Klein rapporte ces quelques considérations d’un journaliste argentin, Rodolpho Walsh, persécuté par la junte des généraux argentins à la fin des années 1970, extraites d’une lettre ouverte qu’il tenta de faire diffuser : «La lettre débute par une dénonciation de la campagne de terreur menée par les généraux, du recours “à la torture extrême, continue et métaphysique”, et du rôle joué par la CIA dans la formation de la police argentine.» Le terme “métaphysique”, bien entendu, doit nous arrêter, et c’est pourquoi nous le soulignons. Il montre combien cette torture a beaucoup moins d’objectifs policiers que de buts psychologiques fondamentaux. Il s’agit de transformer l’homme.
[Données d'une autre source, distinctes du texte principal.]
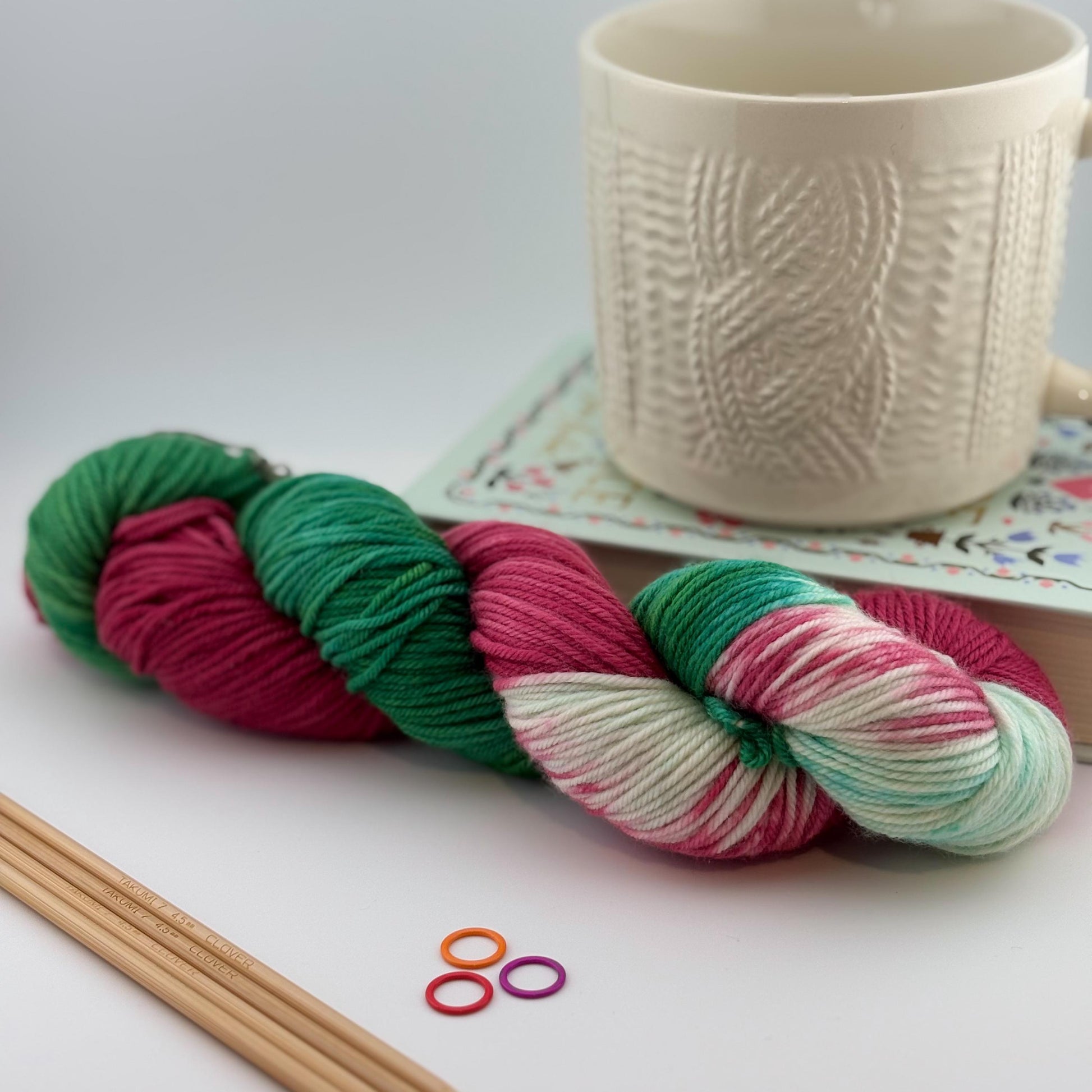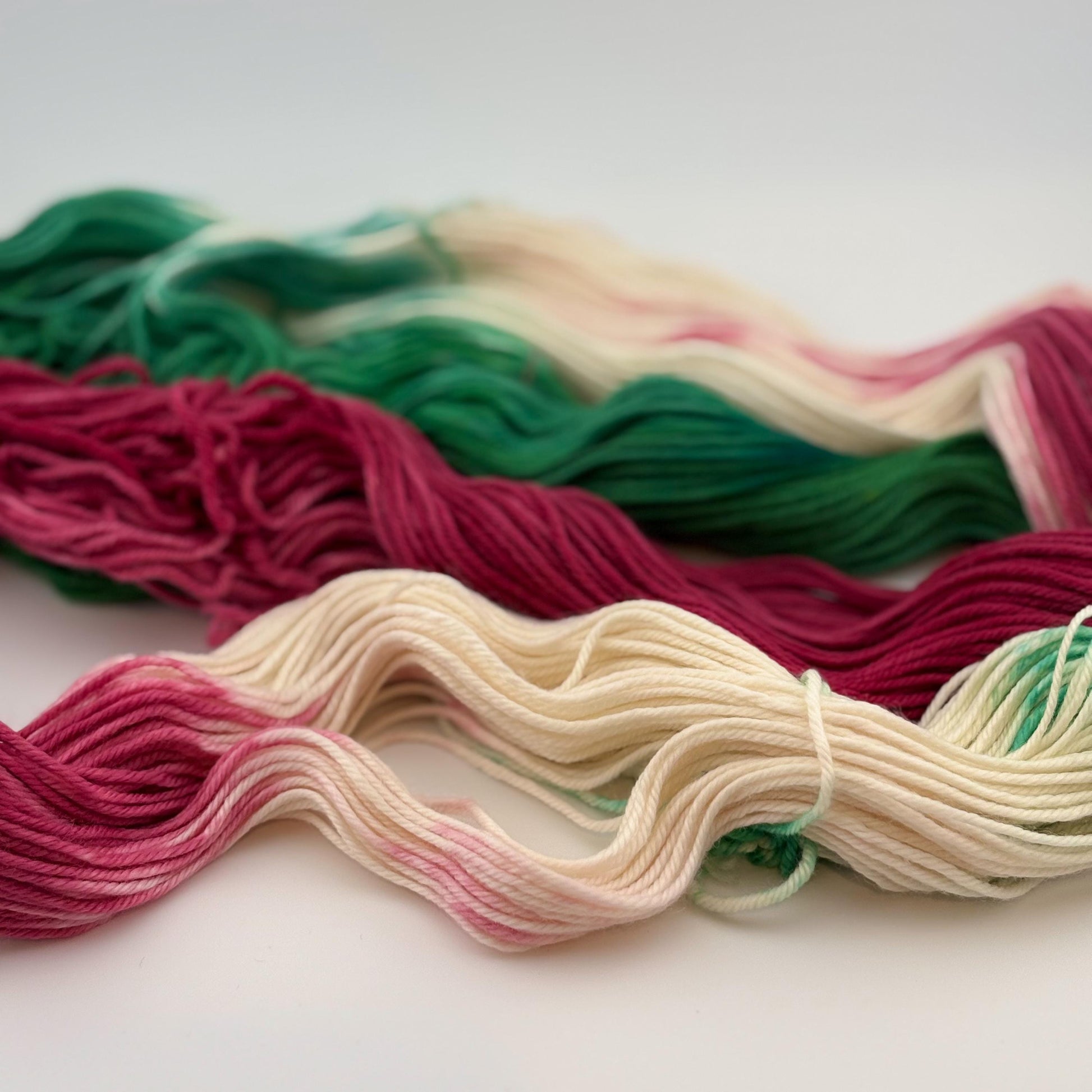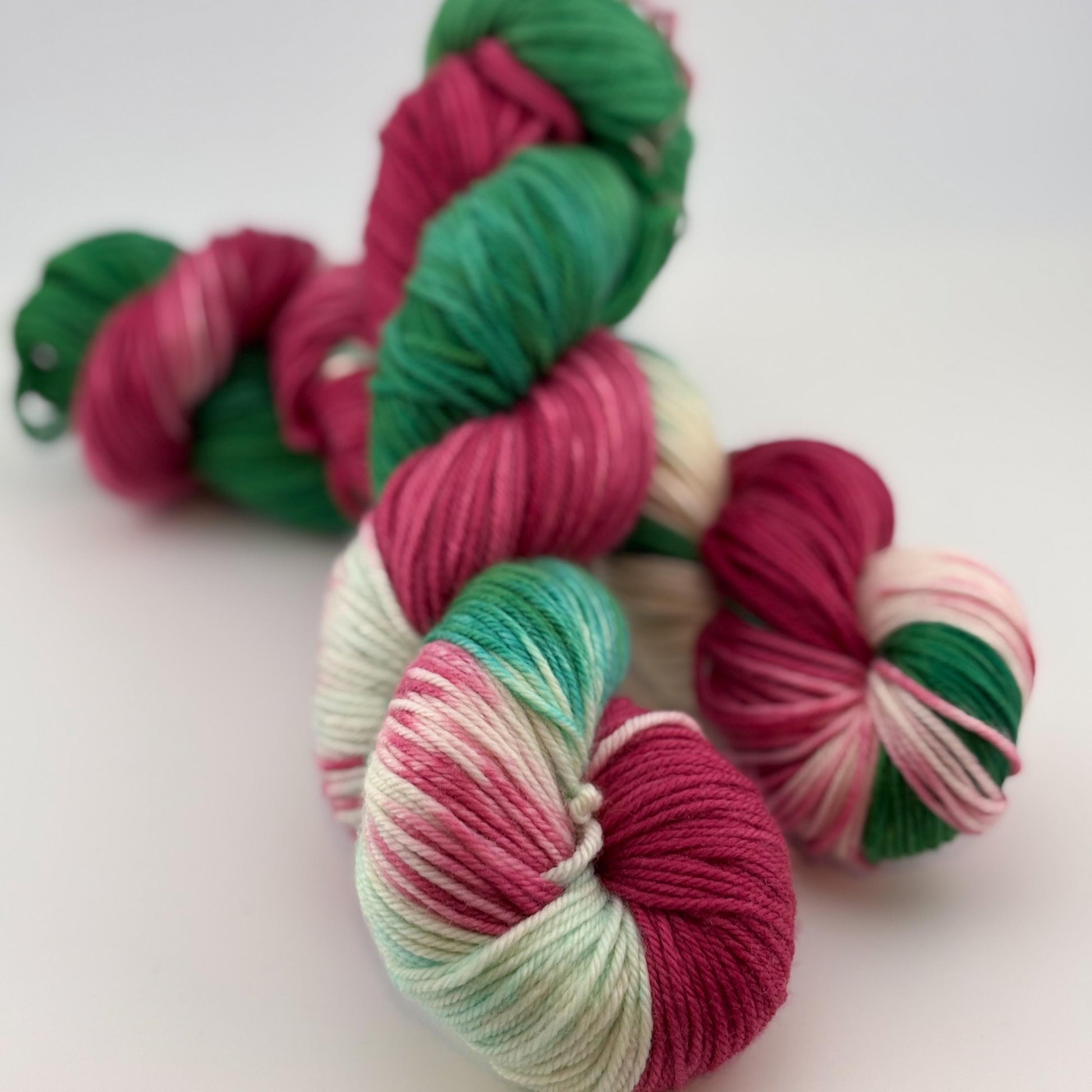 Hand dyed, superwash, dk weight yarn. 231 yards/100 grams. 80% superwash merino wool, 10% cashmere, 10% nylon. Yarn is dyed in the Old FashionedChristmas colorway; tonal shades of green, and berry.

Ainsi en est-il, plus souvent qu’on ne croit, de l’usage de la torture après 9/11, qui est aussitôt habillé d’expressions bureaucratiques (“harsh interrogation techniques”) destinées à atténuer le choc de la révélation de la torture sur le public bien-pensant de la Grande République bien sûr, mais aussi destinées à nous suggérer que le concept classique et trivial de torture, – violence pour obtenir le but immédiat d’informations, – est ici transcendé par un but plus large, plus élaboré, plus indirect, – plus haut, en un sens, selon de tels jugements fiévreux et idéologiques. Le dessein est la transformation de l’homme, la “fabrique d’un homme nouveau”, faite d’une façon un peu moins voyante que celle qu’on pratiquait en URSS, mais selon les mêmes critères de la vertu idéologique.

A cette lumière, le camp de Guantanamo où sont fourrés pendant des années, hors de tout cadre légal, des “terroristes” ou supposés tels, – mais qu’importe, si l’on considère le but poursuivi, – Guantanamo est plus un centre de rééducation psychologique, et même un centre de transmutation psychologique qui serait alors l’apanage de l’américanisme en matière d’intensité de pression jusqu’à la rupture de l’identité, qu’un “simple” centre de torture. Bien au-delà d’autres systèmes pratiquant la torture à des fins idéologiques, la “rééducation américaniste” porte sur la transmutation de la psychologie qui, une fois transmutée, devrait conduire l’esprit à porter de lui-même, en toute liberté irait-on jusqu’à dire, les jugements et les choix qui importent. La liberté elle-même est sauve, puisqu’elle-même est transmutée. Le grand dessein n’est pas de contraindre le choix et le jugement mais de transmuter l’identité de l’être.